# EMBALSES.NET > Cafeteria >  Cumpleaños de F. Lazaro

## ben-amar

Hola a todos, tal y como dice el titulo del mensaje, hoy nuestro buen amigo F. Lazaro cumple 22 tacos.
Feliz cumple, Federico.
Procura no pasarte con la juerga  :Big Grin:  y, si luego te quedan fuerzas, ve poniendo las fotos que se te acumula el trabajo  :Big Grin:  :Big Grin:

----------


## ARAGORM

Felicidades F. Lázaro que cumplas muchos mas y yo los vea.  :Stick Out Tongue:  :Wink: 
que pases un buen día alrededor de los tuyos.
Un abrazo.

----------


## Miguel Angel RB

Felicidades ¡¡¡¡¡
Que pases un estupendo dia y que cumplas muchos mas.

----------


## juanlo

22 añitos. Que envidia  :Stick Out Tongue: .
Pues eso, que pases un feliz día en la mejor compañía.
Que cumplas muchos más.
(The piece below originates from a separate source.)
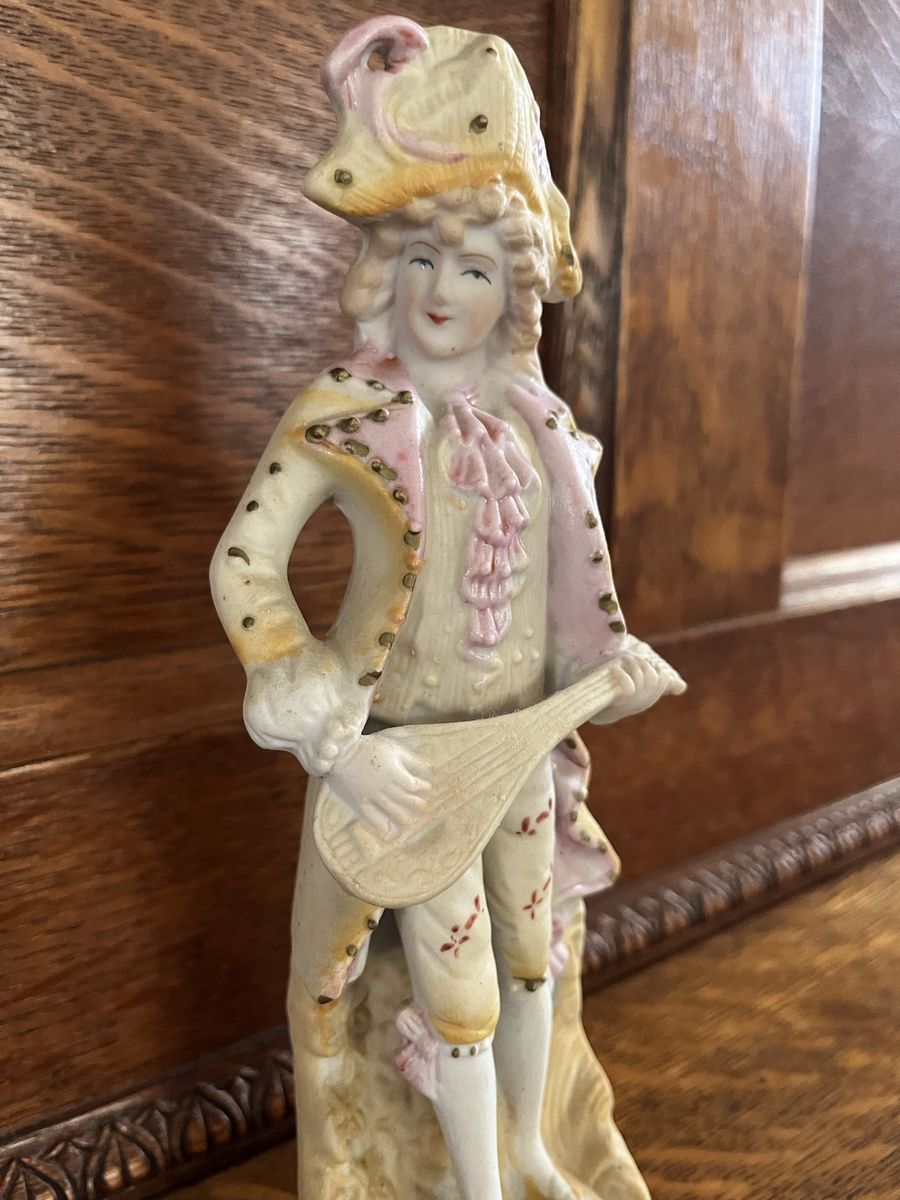 VenmoStunning romantic couple in excellent condition. The colors are vibrant and the detail on them is truely remarkable. They are marked L&M Inc. Which is Lipper and Mann. I believe these are from the 1950's. These are 8 1/2 inches tall. Sold only a set. Simply gorgeous! Selling to help a parent. Price is firm.

Un abrazo.

----------


## embalses al 100%

Muchas felicidades amigo :Wink: .
Y que cumplas muchos mas.

----------


## ceheginero joven

Muchas felicidades a un forero que ya tiene 22 años, un saludo y que lo pases bien en lo que queda de día  :Big Grin:  :Big Grin:  :Big Grin:

----------


## sergi1907

Muchas felicidades :Smile:  :Smile: 

Qué envidia, 22 añitos, te queda toda una vida por disfrutar.

Un fuerte abrazo :Smile:

----------


## aberroncho

Muchas felicidades Federico y que cumplas muchísimos mas.
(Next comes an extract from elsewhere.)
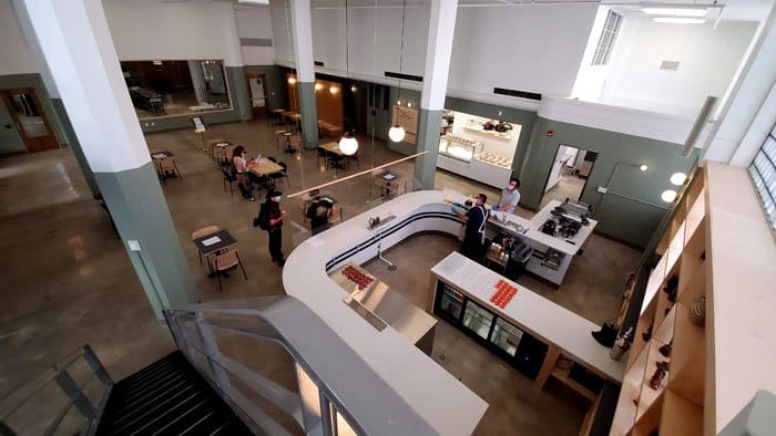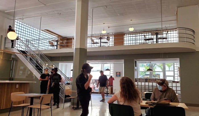 With the record press installed and running on the main floor, you’ll be able to watch it do its magic through large interior windows while you have lunch, sip a latte, or meet with friends for cocktails.

22 años!!! todavía tienes muchos años por delante para seguir deleitándonos con tus reportajes fotográficos y comentarios en este foro.
 :Wink:

----------


## REEGE

Pero si eres un niño!!! Anda que no te quedan mensajes por poner aquí... :Embarrassment: 
Y botellas que vaciar de las salas vip`s!!!!!!!!!!!! :Big Grin:  :Big Grin:  :Big Grin: 
Menos mal que algunos, en mensajes, van por delante de tí, eh!!!!
Bueno ya en serio...
*Muchas Felicidades y arregla pronto ese cacharro!!!!!!!!*

----------


## frfmfrfm

Feliz cumple F. Lazaro, eres un chiquillo y que cumplas muchos más.

----------


## perdiguera

Que sigas cumpliendo muchos, a ser posible 22x4 más, y que todos ellos los celebres con salud y cerveza.

----------


## FEDE

Aunque un poco tarde  :Embarrassment:  

Muchas Felicidades amigo Federico y que cumplas muchos más.

Un fuerte abrazo  :Smile:

----------


## Luján

> Que sigas cumpliendo muchos, a ser posible 22x4 más, y que todos ellos los celebres con salud y cerveza.
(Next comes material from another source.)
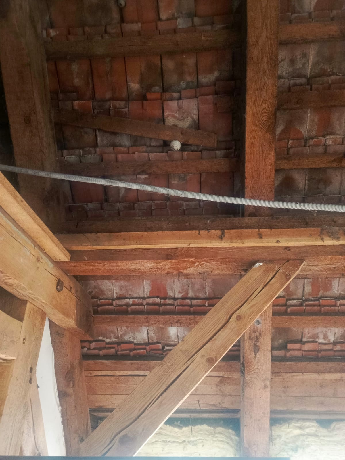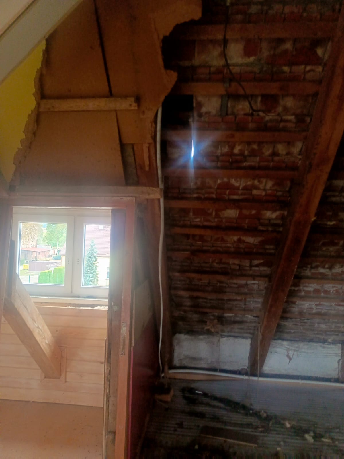 Po zdjęciu ocieplenia na poddaszu uwidoczniła się potrzeba remontu dachu, który ten remont tak naprawdę nie przewidywał. Nie wiem co tam będzie z tym dalej, bo uważam że jeśli w środku zrobimy cudownie, a tak będzie po tym projekcie, a będzie zaciekać to, jest to słabe nie.

Y por qué no 22x4.545454545454545454... o, para redondear, 22x5. :Stick Out Tongue: 


Eso sí, siempre con salud y cabeza, que no hay nada peor que llegar a viejo sin cabeza, o sin salud.

----------


## F. Lázaro

Muchas gracias a todos por vuestras felicitaciones  :Smile:  :Wink: 

Desde luego que aproveché el día, me "entallaron" desde por la mañana con el cerveceo, y acabé de madrugada con el cubateo  :Stick Out Tongue: 




> Que sigas cumpliendo muchos, a ser posible 22x4 más


Dime donde tengo que firmar para llegar a esos 22x4  :Roll Eyes (Sarcastic):  :Wink: 




> Pero si eres un niño!!! Anda que no te quedan mensajes por poner aquí...


Y desembalses por ver, espero que todavía me queden muchos, entre ellas, a del Frenedas, algún día tengo que ver un desembalse en directo en tu presa  :Big Grin:  :Wink: 

Lo dicho, muchas gracias y un abrazo para todos.

----------


## perdiguera

Receta para llegar a 110 años: comer bien, viajar mucho, hacer ejercicio,-no necesariamente deporte- olvidarse de la política, beberse una cerveza diaria con amigos.
En definitva ser feliz

----------